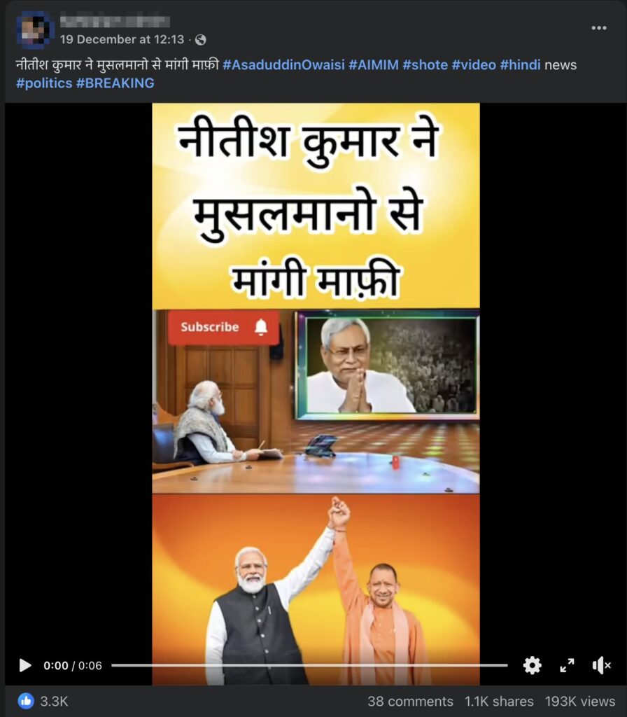 To sum up, an AI-generated video is falsely shared as visuals of CM Nitish Kumar apologising to muslims.
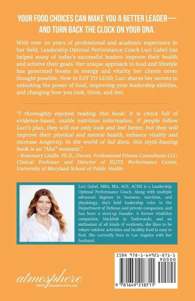 Your food choices can make you a better leader-and turn back the clock on your DNA. With over 20 years of professional and academic experience in her field, Leadership Optimal Performance Coach Luci Gabel has helped many of today's successful leaders improve their health and achieve their goals. Her unique approach to food and lifestyle has generated boosts in energy and vitality her clients never thought possible. Now in Eat to Lead, Luci shares her secrets to unlocking the power of food, improving your leadership abilities, and changing how you look, think, and feel. In as little as six weeks you can easily be eating smarter and experiencing how food can help you start your day strong, have long-lasting energy, make better decisions, stay focused, sustain good moods, get more sleep, avoid illness, and perform at your very best. In fact, the right food will even help turn back the clock on aging-from your brain, to your heart, to your DNA. This book isn't a diet program with specific menus and times to eat. There are no lists of foods to strictly avoid. Starting from the foundation of your current habits, you'll enhance your relationship with food and make choices that will transform your body and life. Filled with practical advice, encouragement, and the latest nutrition research that Luci breaks down in a simple way, Eat to Lead is a must-read for people who want to reach the top of their game-and stay there.
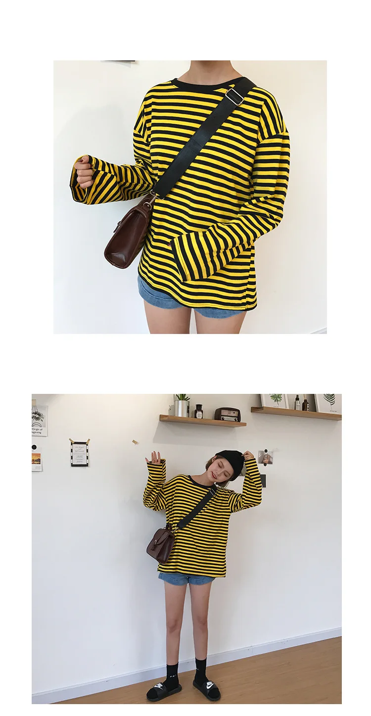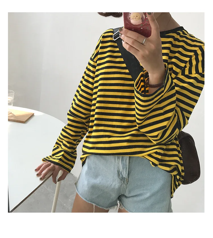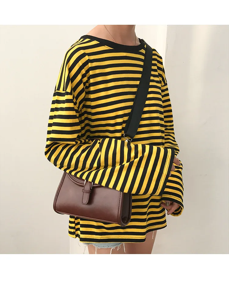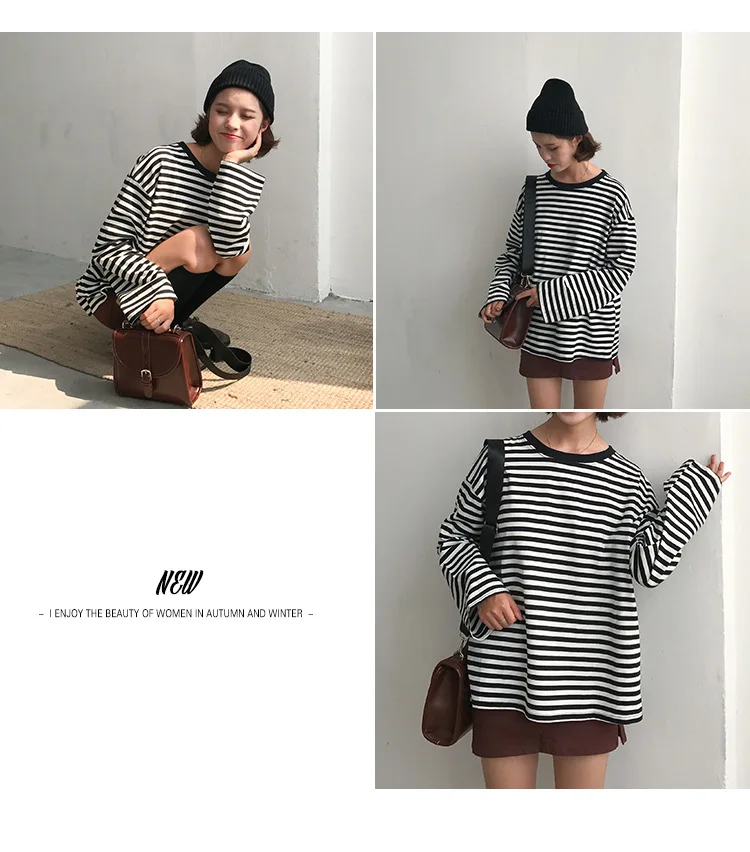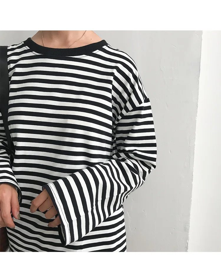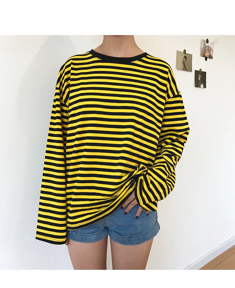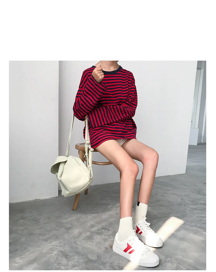 2017 New Vintage Fashion Basic Loose Casual Striped All Match Simple Long Sleeve Female T-shirts

══════

WORK ORDER
Please write out the whole listing exactly, but not the pictures in it.

SOLUTION TO THIS TASK
 To sum up, an AI-generated video is falsely shared as visuals of CM Nitish Kumar apologising to muslims.
 Your food choices can make you a better leader-and turn back the clock on your DNA. With over 20 years of professional and academic experience in her field, Leadership Optimal Performance Coach Luci Gabel has helped many of today's successful leaders improve their health and achieve their goals. Her unique approach to food and lifestyle has generated boosts in energy and vitality her clients never thought possible. Now in Eat to Lead, Luci shares her secrets to unlocking the power of food, improving your leadership abilities, and changing how you look, think, and feel. In as little as six weeks you can easily be eating smarter and experiencing how food can help you start your day strong, have long-lasting energy, make better decisions, stay focused, sustain good moods, get more sleep, avoid illness, and perform at your very best. In fact, the right food will even help turn back the clock on aging-from your brain, to your heart, to your DNA. This book isn't a diet program with specific menus and times to eat. There are no lists of foods to strictly avoid. Starting from the foundation of your current habits, you'll enhance your relationship with food and make choices that will transform your body and life. Filled with practical advice, encouragement, and the latest nutrition research that Luci breaks down in a simple way, Eat to Lead is a must-read for people who want to reach the top of their game-and stay there.
 2017 New Vintage Fashion Basic Loose Casual Striped All Match Simple Long Sleeve Female T-shirts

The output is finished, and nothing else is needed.